Toki Talks - Identity and commitment

2025/07/31

Welcome back!

Welcome back to another Toki Talks! These Toki Talks are supposed to be done on Tuesdays, but I quite frankly couldn’t think of anything to write about until now, so better sooner than later!

I set very rigid “concepts” in my head (sub-categorization)

I think a big portion of this problem comes from the fact that I love to separate things and create order of things I cannot understand. It’s a problem, and it’s a fundamentally flawed way of thinking for multiple reasons, but it’s not without its upsides because clearly it has shown some success in my life.

Identity

I think the best example of this is through my own identity. Let’s say that I want to program, and I want to make websites. There are always stereotypes and the new cool think to talk about when it comes to web development, and I find that I spend a lot of time trying to fit into what that is colloquially instead of actually doing the programming. It’s been this way for my entire life. It’s like if I want to do something, I have to first prove that I am really invested and “in the know” about it on some surface level so I can get by in conversation (i.e. set-up my “programmer” mask) before I can dive head first into anything. Then once I have dove in, I then over-think whether this is something I want to be for an extended period of time or, if this is what I want to be.

Another strong example of this was when I was first learning Spanish. For those who don’t already know, I am Chilean. Half Chilean to be exact. My mother was born and raised in Chile and had me when her and my dad settled in Canada. I didn’t learn Spanish as a kid however. I didn’t want to learn Spanish, because I wanted to be like my dad who spoke English like a radio broadcast (which he was at the time LMAO). Then later in life when I wanted to learn Spanish, I learned all about Chilean informal language to form some sort of identity around being Chilean and speaking Spanish. I did the same with other cultures too so I could be part of some sort of collective, some sort of community. I guess the best way to describe this is I’ve always been a chameleon. I can blend into almost any situation and get by, which makes me seem knowledgeable and social.

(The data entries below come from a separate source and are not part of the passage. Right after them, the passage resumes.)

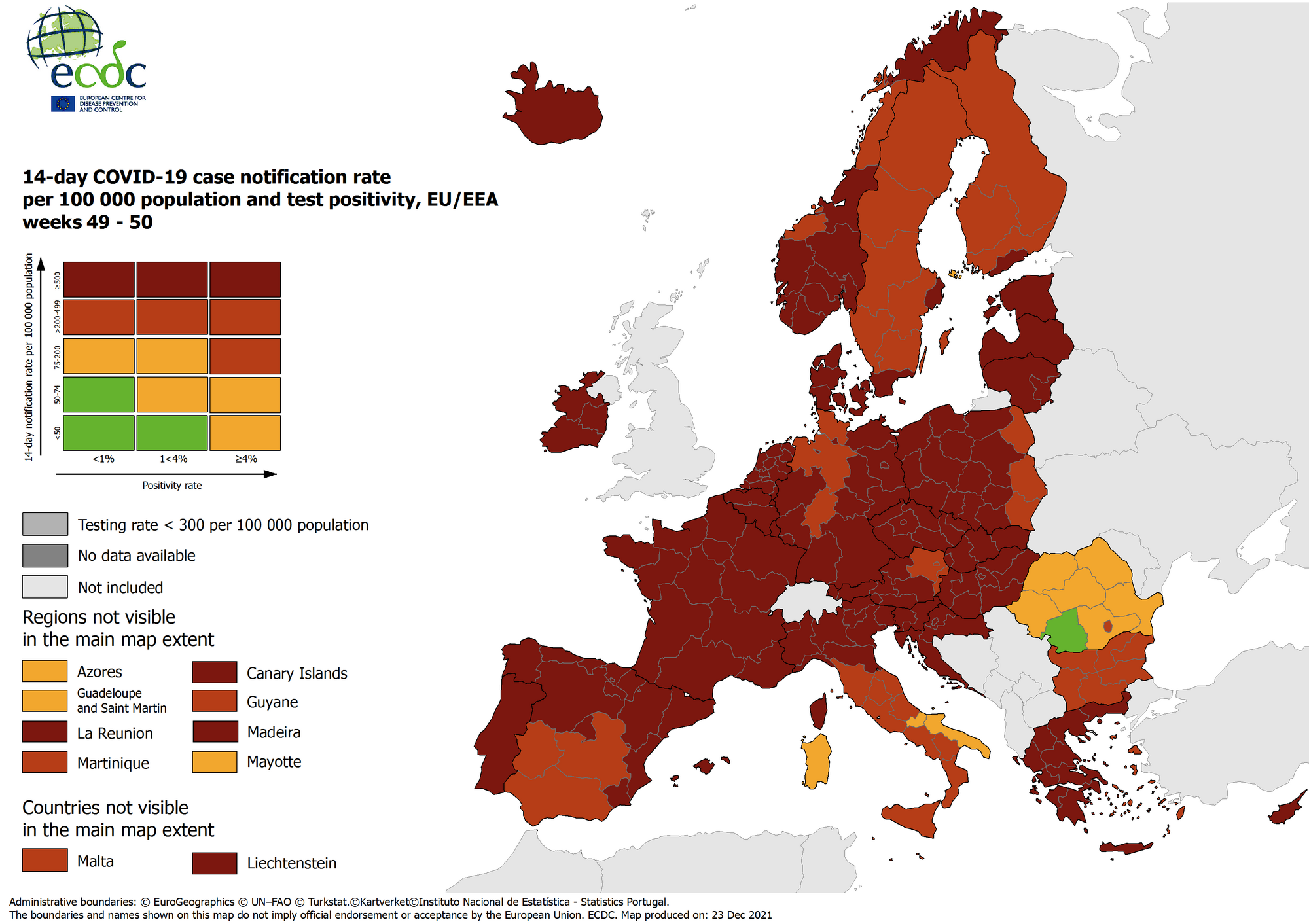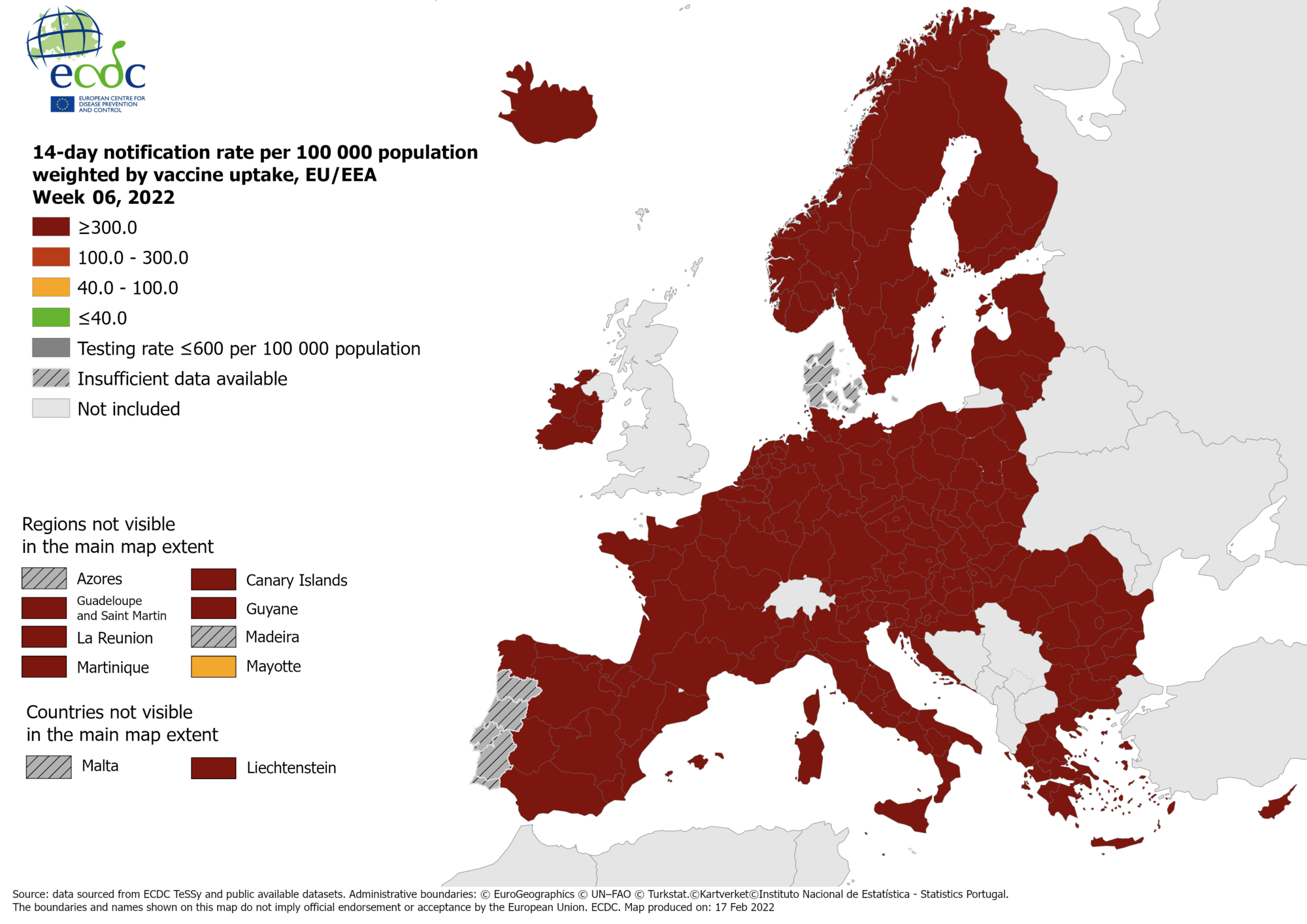 L'ECDC pubblica ogni giovedì mappe e dati sulla pandemia di COVID-19 in tutta l'UE/SEE. Una relazione completa sull'attuale situazione epidemiologica negli Stati membri dell'UE/SEE può essere trovata nel rapporto di panoramica settimanale per paese dell'ECDC. Ulteriori indicatori epidemiologici e analisi dei dati COVID-19 possono essere trovati qui. Nelle mappe seguenti, gli Stati membri dell'UE/SEE sono classificati in base a un indicatore basato sul tasso di notifica a 14 giorni, ponderato in base all'adozione del vaccino nella regione. Formula per l'indicatore: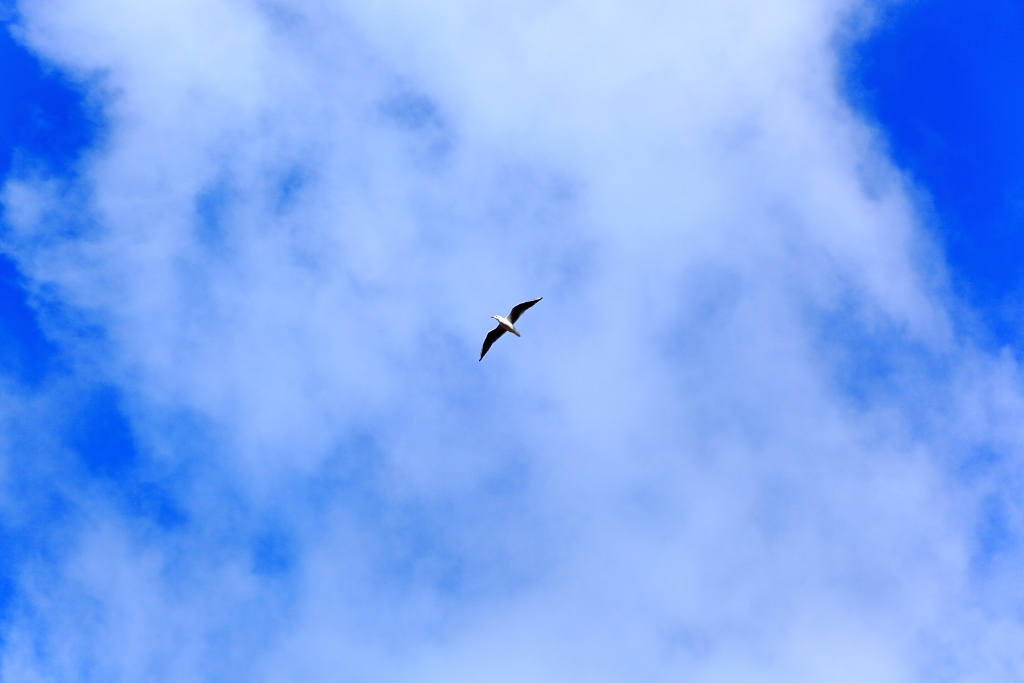 大空を一羽行くユリカモメ ←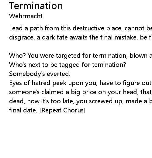 Eyes of hatred peek upon you, have to figure out a way to get fuckin' through, someone's claimed a big price on your head, that someone wants you face down dead, now it's too late, you screwed up, made a big mistake, death gave you the final date. [Repeat Chorus] |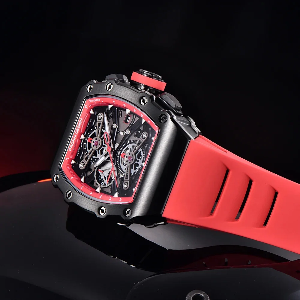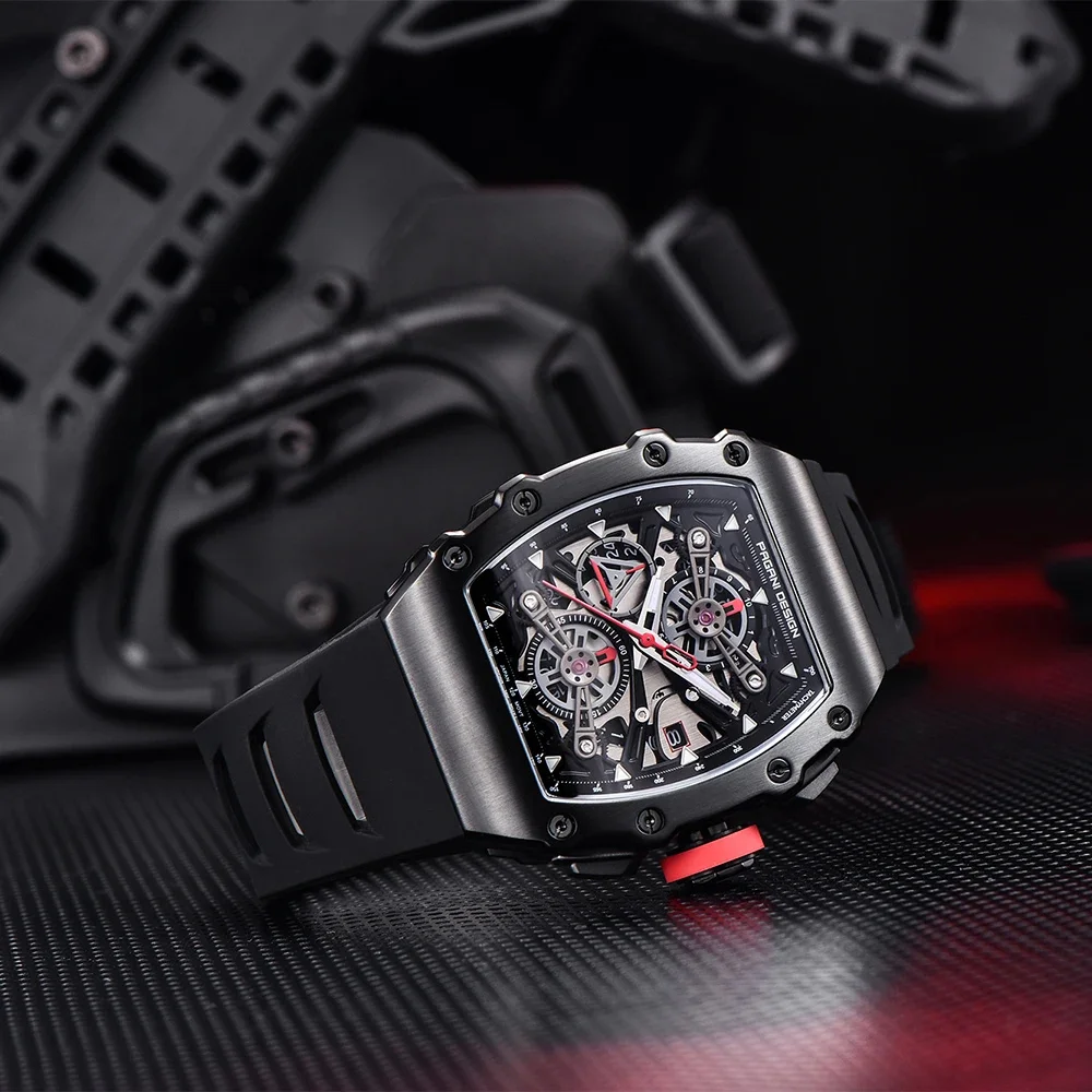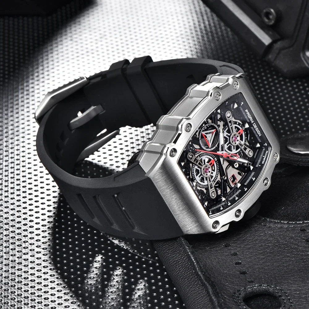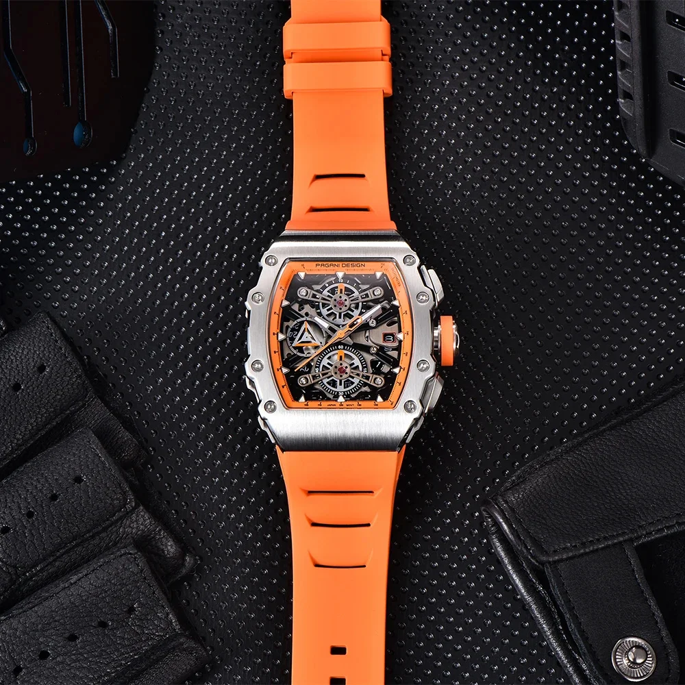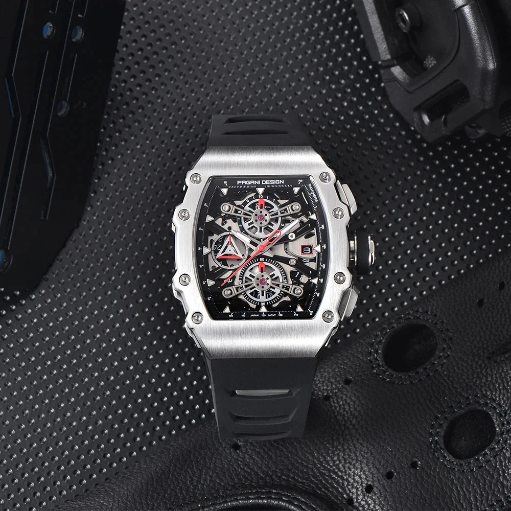Pagani Design Men's Quartz Watches Japan Movt Skeleton Dial Waterproof Sport Rectangle Sapphire Glass Chronograph Watch For Men

This is applied to basically any romance language I have dabbled in, since that’s the language family I am the most familiar with. I speak French very odd, like someone who grew up in Montréal in an Anglophone community. I was born and raised in Southern Ontario. It’s just the colloquial identity I have attributed to my French.

I definitely don’t think that I am NOT knowledgeable in these things I blend in to. It’s just that I have my skill tree unbalanced in the direction of things that don’t really matter as much/aren’t as important for someone who is starting out in acquiring a new skill and wants to grow a solid foundation.

Identity hinders my ability to commit

I think most people can say the same for themselves, but I really have a hard time committing to something that many can relate to, especially those with ADHD. I have a hard time regulating dopamine, and with this I have both a blessing and a curse. I can basically tackle anything that I wish, but with the trade-off of me getting “bored” of it or getting too perfectionistic over it, to the point of doing nothing and never having any output. I’ve had this problem with YouTube, songwriting, and my education. I’ve had this problem with programming too.

This problem of identity is a big part of it. I don’t know what I want to be “labelled” as. I don’t have to be labelled as anything quite frankly. I tell everyone I meet that labels are meaningless and people can label you however they want with any level of knowledge about you. You know who you are best, and as long as you try to be that then the labels you wish to come attributed to you will happen naturally, and you won’t even notice or care because you’re just doing what you know best.

But it’s hard to listen to yourself. It’s harder to listen to yourself than it is to give the same advice to others and believe in them.

Rookies (ルーキーズ)

I’ve been watching the Japanese Drama Rookies (ルーキーズ). It’s one of those shows that’s about a really passionate teacher that really believes in his students. Think “Stand and Deliver” but Japanese, or Slam Dunk but about baseball instead, and the coach/teacher being very unhinged. It’s about second chances, and having people that believe in you, and being able to achieve what you want as long as you work at it, no matter the odds. It’s sort of inspired me to try more, despite my setbacks. There are loads of manga that I can recommend that are based on this idea. Inspiration, the fighting spirit, etc. I just really like being believed in. I think that I haven’t had people believe in me for most of my life because I haven’t let them. I’ve disappointed them because I lead them on with a false premise to please their idea of what they want from me, and leave my aspirations on the side.

I’ve been a mess for a lot of my life. Now, I am more Lucas than I’ve ever been in my life, and I like this direction I’m taking. I like making these weekly posts, and I like making videos about things I like. I hope to continue to push through my physical/mental set-backs and be who I want to be!